O Jornal Nacional (2017) realizou neste ano, no mês de abril, uma série de reportagens que mostra os caminhos para a adoção no Brasil, “um processo de construção da família a partir do amor; uma jornada que precisa de paciência e apoio”.

O Cadastro Nacional de Adoção (CNA), do Conselho Nacional de Justiça (BRASIL), tem cerca de 7.200 crianças cadastradas para adoção no país, seus pais biológicos perderam definitivamente o poder familiar, paralelo a esse número de crianças que se encontram a espera de uma família, existe uma fila bem maior esperando por um filho, esse é um caminho que exige muita paciência, como mostrou a edição da reportagem. Esta afirmou que o Brasil tem mais interessados em adotar do que crianças e adolescentes disponíveis para adoção. A média no cadastro nacional é de cinco pretendentes para cada criança disponível para adoção e, mesmo assim, muitas passam a vida nos abrigos. É que elas nem sempre se encaixam nos desejos dos adotantes, Veja-se no mapa, Jornal Nacional (2017).

Resta evidente, com todo o exposto, que o processo de adoção no Brasil, apesar de já ter evoluído muito, em toda a sua trajetória, carece de muita evolução a fim de que seja atendida a sua real necessidade, qual seja atender com primazia os interesses da criança e do adolescente, nesse sentido, no que concerne à possibilidade de ter uma família, que garanta a esse ser em desenvolvimento, sobretudo, um desenvolvimento sadio, livre de abandonos que lhe causem prejuízos irreparáveis.

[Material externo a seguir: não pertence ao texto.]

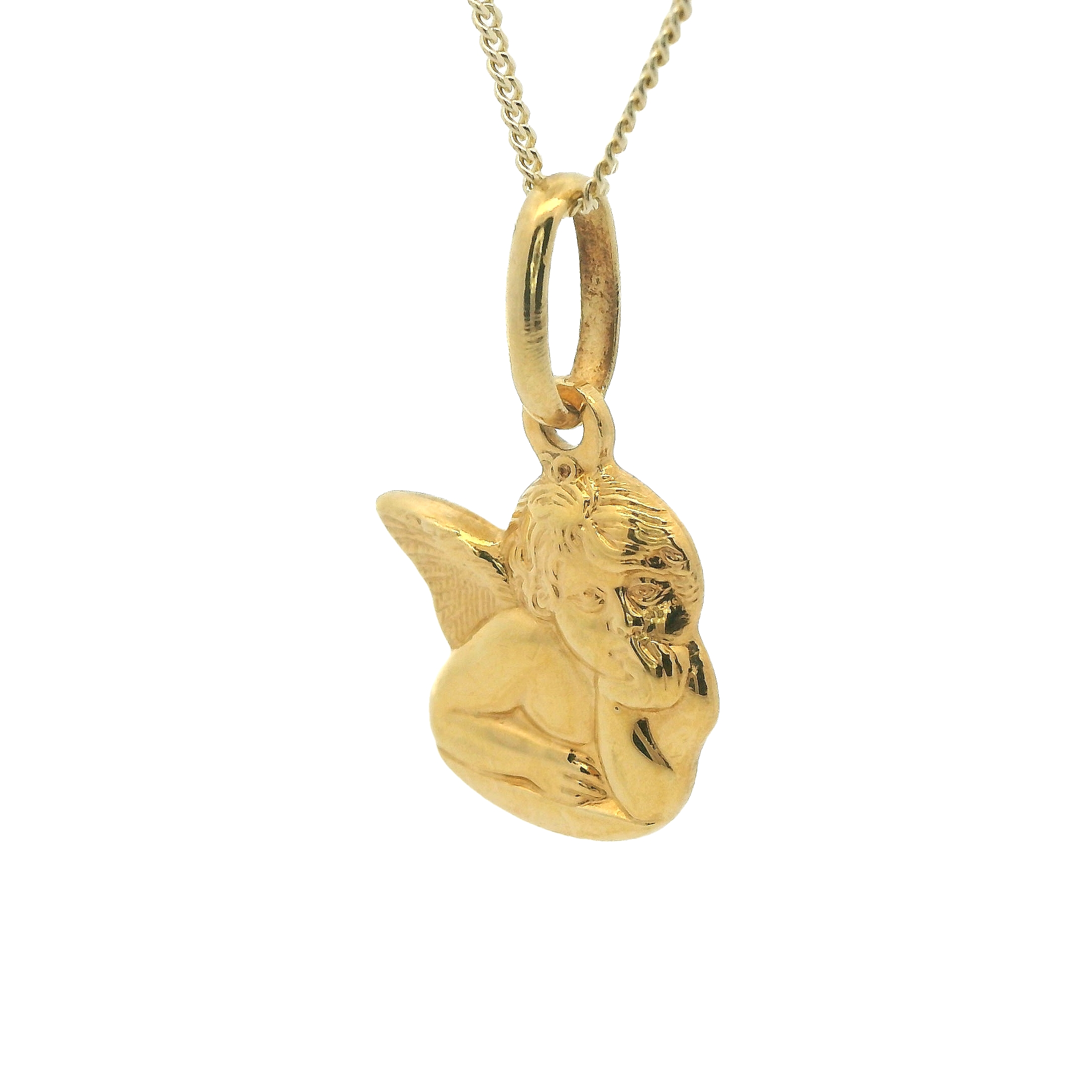 Deze hanger in de vorm van een engel straalt elegantie en symboliek uit. De warme glans van het goud benadrukt de gedetailleerde vormen van de engel, die vaak wordt gezien als een beschermend en spiritueel symbool. Deze hanger is niet alleen een prachtig sieraad, maar ook een betekenisvolle talisman die rust en bescherming kan bieden. Perfect om dicht bij het hart te dragen, is deze geelgouden engel een subtiele en stijlvolle toevoeging aan elke sieradencollectie.

Com base nos estudos realizados até então, têm-se claro que com a introdução da Lei 12.010/09, adveio com o objetivo de aprimorar o instituto da adoção, previsto no Estatuto da Criança e do Adolescente, o que de fato aconteceu, todavia tal procedimento ainda necessita de muitas melhorias no que tange a celeridade e eficácia, visando sempre atender ao melhorar interesse da criança e do adolescente, qual seja nesse sentido o de ser acolhido por uma nova família, que venha lhe assegurar a segurança e o amor necessário para o seu sadio desenvolvimento.

Desta feita passa-se a analisar alguns dos entraves do instituto, sendo um deles a burocracia. Segundo Coimbra (2012), visando atender ao melhor interesse da criança, o legislador preocupou-se em criar uma série de requisitos e formalidades, para que a adoção de fato se concretizasse, desde a fase de habilitação, até a fase de instrução do processo adotivo.

Ocorre que tais entraves burocráticos por vezes acabam por emperrar o procedimento e ao invés de agilizar a possibilidade de a criança poder estar convivendo com uma nova família, de acordo com a legislação vigente retardam tal possibilidade, o que ocasiona um maior tempo para as crianças e adolescentes permanecerem institucionalizadas, esperando para serem adotadas.

Neste sentido é o entendimento de Maria Berenice Dias (2009), a habilitação à adoção transformou-se em um processo a parte (ECA 197-A), inclusive com petição inicial que deve ser acompanhada de uma série de documentos, entre eles: comprovante de renda e de domicílio; atestado de sanidade física e mental; certidão de antecedentes criminais; e negativa de distribuição cível.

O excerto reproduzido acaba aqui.